Ungarn stimmt Schwedens Nato-Beitritt zu: Orbán gibt die Blockade auf

Nach knapp einjährigem Stillstand gibt Ungarn grünes Licht für Schwedens NATO-Beitritt. Offenbar wurde der internationale Druck zu groß.

Abstimmung über den Nato-Beitritt Schwedens.

Viktor Orbán (r.) stimmt über die schwedischen NATO-Mitgliedschaft ab Foto: Marton Monus/dpa

WIEN taz | Das ungarische Parlament hat Montagnachmittag dem NATO-Beitritt Schwedens zugestimmt. Dem voraus ging der späte Sinneswandel von Premier Viktor Orbán, der letzten Freitag das Ende seiner langen Blockade bekanntgab. Dank der parlamentarischen Zweidrittelmehrheit seiner Partei Fidesz war die Zustimmung am Montag nur mehr Formsache.

Nun fehlt nur noch die Unterschrift des Staatsoberhauptes, die aufgrund des Rücktritts der Präsidentin Katalin Novák wohl Parlamentspräsident Laszlo Köver vornehmen wird. Wohl im März wird Schweden als 32. NATO-Staat willkommen geheißen.

Schweden hatte die Mitgliedschaft infolge des russischen Angriffskriegs gegen die Ukraine im Mai 2022 beantragt. Schweden wurde im Jahr 1812 nach unzähligen Kriegen, unter anderem gegen Russland, neutral. Und blieb es bis heute. Finnland, dessen Neutralität im Kalten Krieg eher von Russland aufgezwungen als selbstgewählt war, beantragte ebenfalls im Mai 2022 die NATO-Aufnahme. Im April 2023 wurde Finnland Mitglied.

Im Fall Schwedens dauerte es länger, da die Türkei und wenig später Ungarn eine Blockade einlegten. Umso größer nun die Erleichterung in Stockholm. Von einem „historischen Tag“ sprach Schwedens Ministerpräsident Ulf Kristersson Kristofferson am Montag. Bereits letzte Woche war er nach Budapest gekommen, um die Einigung zu präsentieren. Die Einladung kam vom ungarischen Premier zurück, demzufolge man im bilateralen Austausch noch „Hürden“ zu klären hatte.

Der internationale Druck auf Ungarn wurde immer größer

Inhaltlich habe es von Anfang an keine wirklichen Schwierigkeiten oder Bedingungen gegeben, sagt hingegen Rudolf Berkes, Politikexperte beim ungarischen Thinktank Political Capital. Vielmehr sei der internationale Druck auf Ungarn zuletzt deutlich angestiegen, insbesondere seitdem die Türkei im Dezember ihre Blockade gegen einen NATO-Beitritt beendete. Zuletzt kamen auch innenpolitische Turbulenzen für Orbán dazu.

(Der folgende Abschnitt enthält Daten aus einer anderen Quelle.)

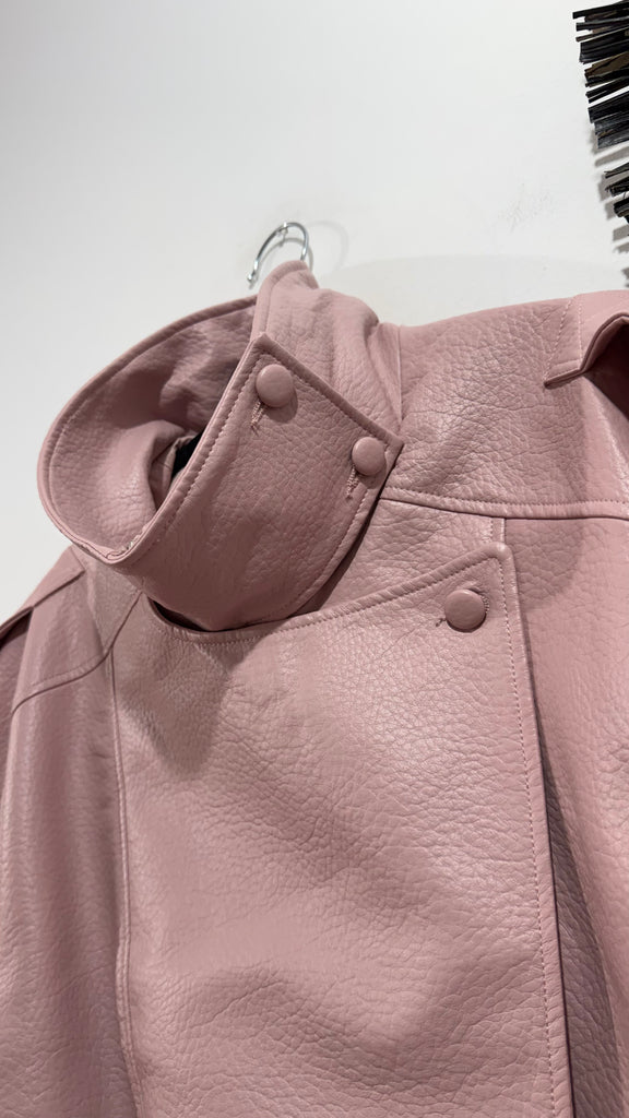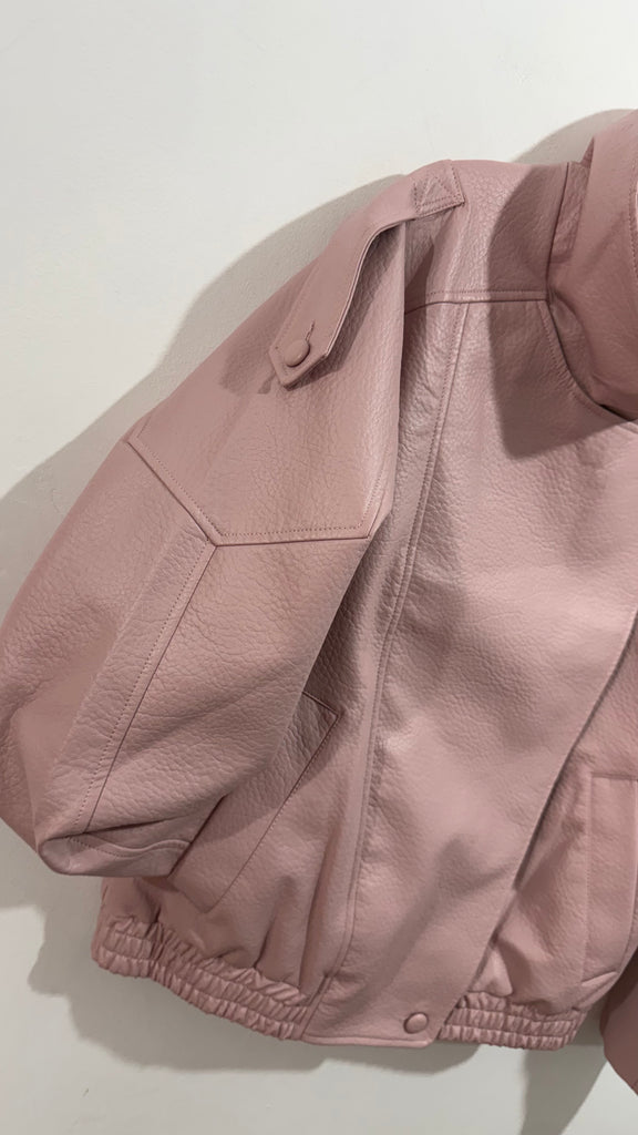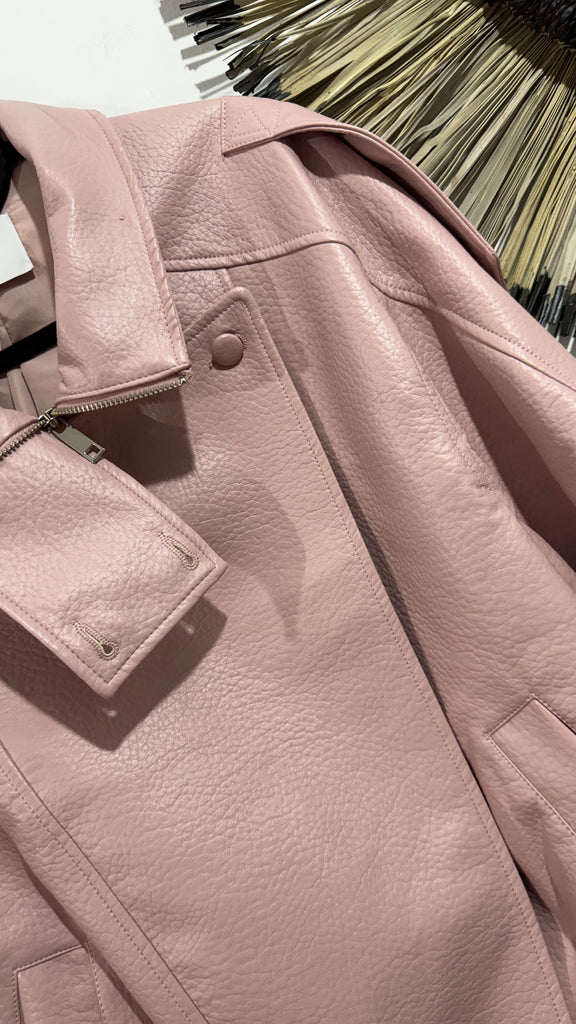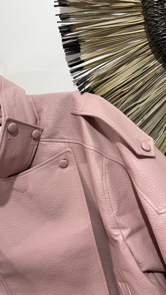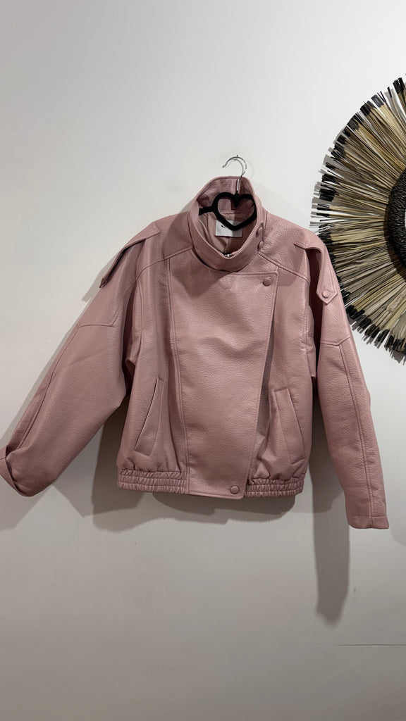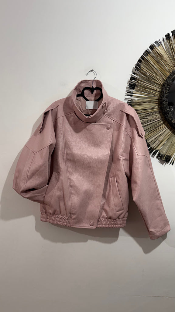 Chaqueta Biker de Ecopiel en color rosa empolvado. Es de corte recto y oversize. Tiene el bajo elástico con goma. Cremallera en parte central con solapa cruzada. Tirilla de cuello con dos botones forrados. Tiene bolsillos laterales y por dentro va forrada de tela.

Beispielhaft für den internationalen Druck stehe eine parteiübergreifende Delegation von US-Senatoren, die erst letzte Woche in Budapest war. Hauptzweck war eine Ursachenforschung zur Frage, warum Ungarn so lange blockiere. Die ungarische Regierung boykottierte die Senatoren jedoch, sprach keinerlei Einladungen aus. Sie konnten am Ende nur Vertreter der Zivilgesellschaft treffen. „Ein nie dagewesener Affront“, sagt Berkes. Und eben Ausdruck der Verstimmungen.

Dass Orbán nun doch endlich einlenkte, sei ausschließlich politisch motiviert gewesen beziehungsweise notwendig geworden, sagt Berkes. Zwar gab Orbán nun bekannt, zusätzlich zu den 14 bestehenden vier weitere Gripen-Kampfjets aus Schweden zu bekommen. Experte Berkes zufolge sei dieser Kauf aber schon länger Thema gewesen als die NATO-Debatte. Um sie kaufen zu können, hätte Ungarn also nicht Schweden erpressen müssen.

„Auch die Einladung des schwedischen Ministerpräsidenten Kristersson diente Orbán nur dazu, sein Gesicht zu wahren“, sagt Berkes. „So kann er auf produktive Gespräche verweisen, die aber nur kaschieren sollen, dass Ungarn von Anfang an keinen wirklichen Grund für die Blockade hatte.“

Vielmehr habe Orbán ursprünglich Pluspunkte bei Erdoğan sammeln wollen, indem er dessen anfängliches Veto mittrug. Zuletzt aber war die ungarische Regierung schlicht nicht auf die türkische Zustimmung Ende Dezember vorbereitet gewesen, sagt Berkes. Und musste nun eben nachziehen.